**EXERCISE REQUIREMENTS**
The complete listing goes into the output exactly, without its pictures.

**GIVEN DATA**

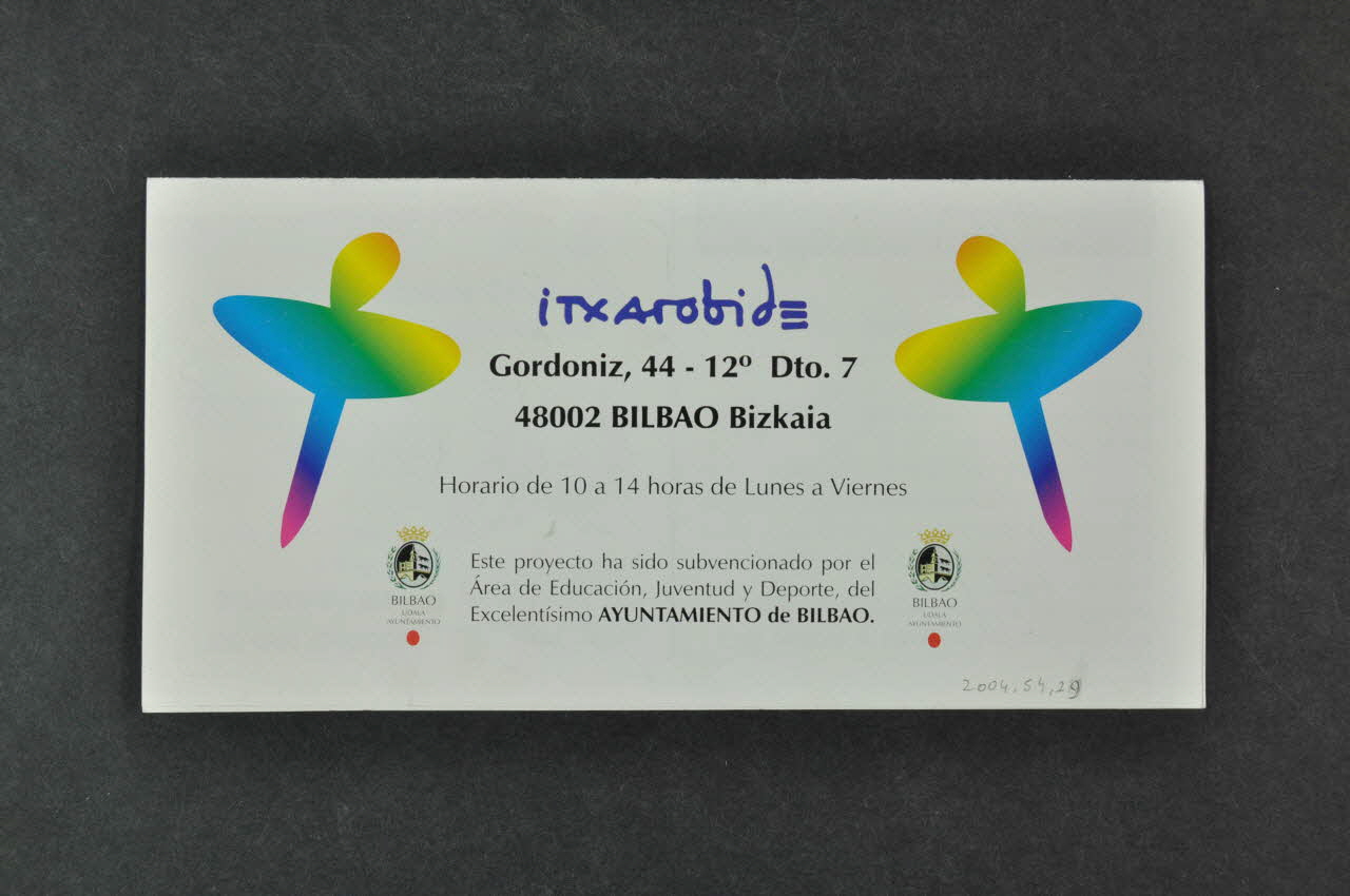 (inscription en bleu et noir sur fond blanc au dos du dépliant au milieu en haut : adresse postale d'itxarobide), versoSous-titre
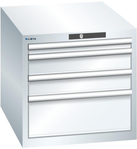 "longDescription": "LISTA Schubladenschrank, Lista Einheit: 27x36E, BxTxH: 564x725x533mm, Schubladen-Nutzfläche BxT: 459x612mm, Anzahl Schubladen: 4, Anzahl Fronthöhen (Tragkraft): 1x 50mm (75kg), 2x100mm (75kg), 1x200mm (75kg), Schliessart: Key Lock, Standard-Schliessung mit Wechselyzlinder inkl. 2 Schlüsseln mit Schlüsselnummer, Farbe Gehäuse: Reinweiss RAL 9010, Farbe Schubladen: Reinweiss RAL 9010. Höchste Stabilität: Gehäuse bis 4t belastbar, Schubladen mit 75 oder 200 kg Tragkraft. Maximale Ausnutzung dank Vollauszug und optimaler Mantelhöhe der Schubladen. Exzellente Schutzeigenschaften gegen Schmutz, Flüssigkeiten und mechanische Beanspruchung durch geschlossenes Gehäuse mit schlag- und abriebfester Oberfläche. Überzeugende Sicherheit: Aushebesicherung gegen Herausfallen der Schubladen und Einzelschubladensperre als Kippschutz. Korrosionsschutz durch Elektrophorese-Tauchlackierung und umweltfreundlichen Pulverlack. Optimale Ordnung und Organisation dank speziellem LISTA-Einteilungsmaterial für jeden Zweck und gelochter, geschlitzter Schubladen. Professionelle Beschriftung mit Beschriftungssoftware LISTA Script und hochklappbarer Griffleiste zum Einlegen der Etiketten. Perfekte Laufruhe durch traversenlos geführten Differenzialauszug. Flexible Anpassungsmöglichkeiten durch vorperforierte Löcher für Tischplatten (Punchout), Rollen, Schubladen, Schliesssysteme für einfaches Um- und Nachrüsten<br>",
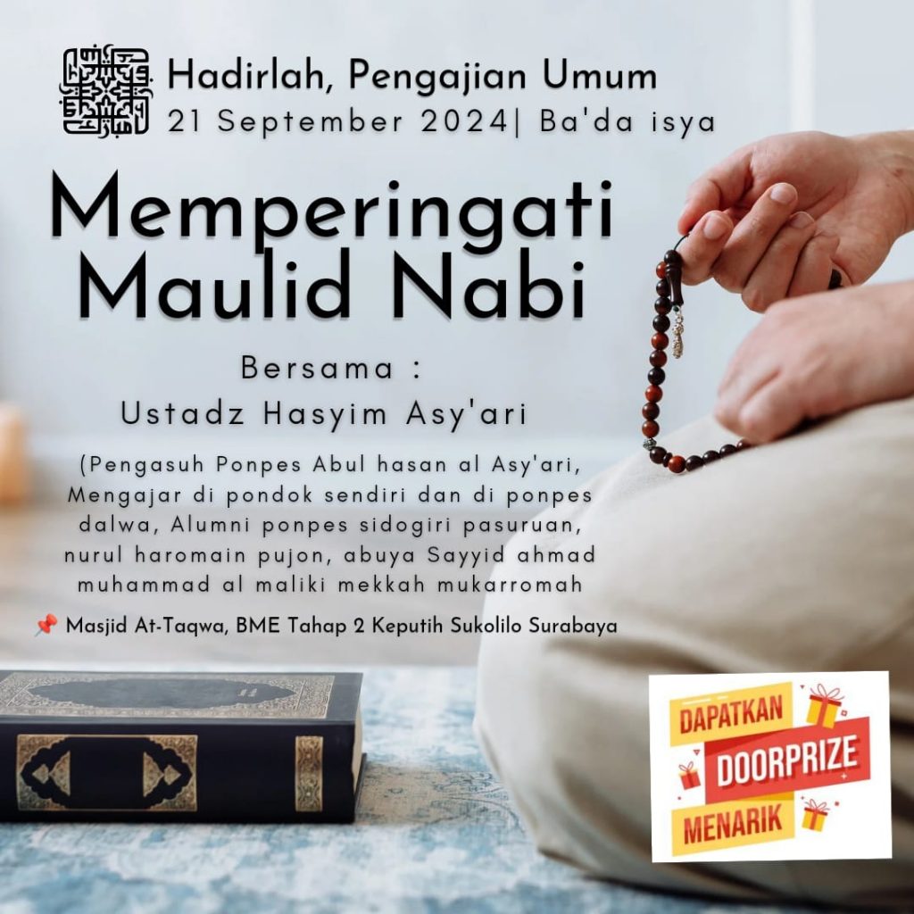 Acara Maulid Nabi kali ini, dilaksanakan tanggal 20 September 2024 di Masjid Al-Taqwa. Diisi oleh Ust. Hasyim Asy’ari

**WRITTEN RESPONSE**
 (inscription en bleu et noir sur fond blanc au dos du dépliant au milieu en haut : adresse postale d'itxarobide), versoSous-titre
 "longDescription": "LISTA Schubladenschrank, Lista Einheit: 27x36E, BxTxH: 564x725x533mm, Schubladen-Nutzfläche BxT: 459x612mm, Anzahl Schubladen: 4, Anzahl Fronthöhen (Tragkraft): 1x 50mm (75kg), 2x100mm (75kg), 1x200mm (75kg), Schliessart: Key Lock, Standard-Schliessung mit Wechselyzlinder inkl. 2 Schlüsseln mit Schlüsselnummer, Farbe Gehäuse: Reinweiss RAL 9010, Farbe Schubladen: Reinweiss RAL 9010. Höchste Stabilität: Gehäuse bis 4t belastbar, Schubladen mit 75 oder 200 kg Tragkraft. Maximale Ausnutzung dank Vollauszug und optimaler Mantelhöhe der Schubladen. Exzellente Schutzeigenschaften gegen Schmutz, Flüssigkeiten und mechanische Beanspruchung durch geschlossenes Gehäuse mit schlag- und abriebfester Oberfläche. Überzeugende Sicherheit: Aushebesicherung gegen Herausfallen der Schubladen und Einzelschubladensperre als Kippschutz. Korrosionsschutz durch Elektrophorese-Tauchlackierung und umweltfreundlichen Pulverlack. Optimale Ordnung und Organisation dank speziellem LISTA-Einteilungsmaterial für jeden Zweck und gelochter, geschlitzter Schubladen. Professionelle Beschriftung mit Beschriftungssoftware LISTA Script und hochklappbarer Griffleiste zum Einlegen der Etiketten. Perfekte Laufruhe durch traversenlos geführten Differenzialauszug. Flexible Anpassungsmöglichkeiten durch vorperforierte Löcher für Tischplatten (Punchout), Rollen, Schubladen, Schliesssysteme für einfaches Um- und Nachrüsten<br>",
 Acara Maulid Nabi kali ini, dilaksanakan tanggal 20 September 2024 di Masjid Al-Taqwa. Diisi oleh Ust. Hasyim Asy’ari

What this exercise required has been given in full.